Composability with the existing tokenised-asset universe. BUIDL is on mainnet. BENJI (Franklin Templeton's tokenised MMF) is on mainnet. OUSG (Ondo Finance) is on mainnet. Apollo's ACRED is on mainnet. The dollar stablecoins (USDC, USDT, the institutional variants) all have their canonical issuance on mainnet. For a new tokenised MMF such as MONY, being on mainnet means an existing institutional holder can rebalance between BUIDL, BENJI, and MONY inside a single custody domain, against a single set of policy rules. That is composability in the only sense that matters at the institutional layer: rebalancing without bridging.

What it costs

Gas. Specifically, gas variance. A simple ERC-20 transfer on mainnet costs single-digit dollars on a quiet day and tens of dollars during congestion. A more involved transfer through a permissioned token (identity registry lookup, compliance check, transfer agent record update) is multiples of that. For an institutional MMF subscribing in eight-figure tickets, gas is rounding error. For a product with retail-style transaction frequency, mainnet is cost-prohibitive.

Finality. Specifically, the gap between block inclusion and economic finality. A block on mainnet is produced every twelve seconds. Probabilistic finality (the point at which reorg risk is negligible) takes multiple blocks; deterministic finality under the post-Merge consensus takes roughly thirteen minutes. For most institutional flows, that lag is acceptable; for a real-time payments rail, it is not. This is one of the reasons JPMD did not launch on mainnet (covered in Part 2).

Throughput ceiling. Mainnet processes roughly fifteen transactions per second at base layer. The L2 ecosystem exists in part because mainnet alone cannot serve consumer-grade transaction frequency. For an institutional MMF with low transaction velocity, this is fine. For a payments product, it is not.

Why MONY chose mainnet

JPMAM launched MONY on Ethereum mainnet for the same set of reasons every institutional MMF tokenisation has chosen mainnet: institutional brand recognition, the broadest infrastructure support, and a deliberate decision to land where the existing tokenised-asset gravity already sits.

The composability argument is the load-bearing one. An allocator who already holds BUIDL and BENJI in a Fireblocks or Anchorage wallet can add MONY into the same wallet, the same policy framework, the same reporting pipeline, without touching any new chain integration. The marginal cost of adopting MONY is close to zero. If MONY had launched on a different chain, every prospective holder would need to evaluate the chain integration as a separate exercise, which materially raises the friction for an institutional product whose entire point is operational ease.

There is also a regulatory-posture point. JPMAM is a regulated MMF issuer in the US. Choosing the chain with the longest regulatory track record, the broadest custody coverage by federally chartered crypto banks, and the most established institutional infrastructure is the conservative choice. A frontier chain, even one with better technical properties, would have been the wrong shape for a first institutional MMF tokenisation under JPMAM's name.

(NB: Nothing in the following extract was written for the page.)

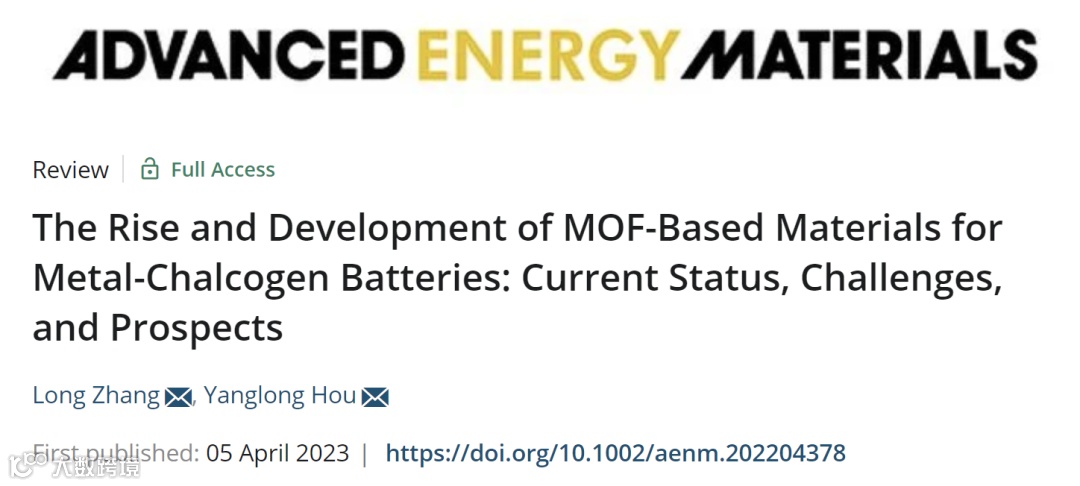 基于此,北京科技大学张隆副教授联合北京大学侯仰龙教授在国际顶级期刊Advanced Energy Materials上发表题为“The Rise and Development of MOF-Based Materials for Metal-Chalcogen Batteries: Current Status, Challenges, and Prospects”的综述文章。
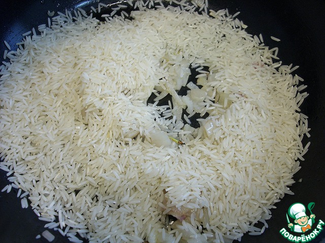 Всыпать рис, помешивая, жарить несколько секунд, пока он не станет прозрачным.

What this sets up for the rest of the chapter

Ethereum mainnet is the right answer when institutional gravity, brand, and composability dominate the trade-off. It is the wrong answer when transaction frequency, fee predictability, or sub-transaction privacy dominate. The next four parts walk through the chains that solve for those alternative constraints: Base for the predictable-fee payments case (Part 2), Canton Network for the privacy and institutional-securities case (Part 3), Solana for the high-throughput crypto-native partner case (Part 4), and finally the multi-chain-by-design synthesis (Part 5) where each chain does what it is best at and the orchestration layer connects them.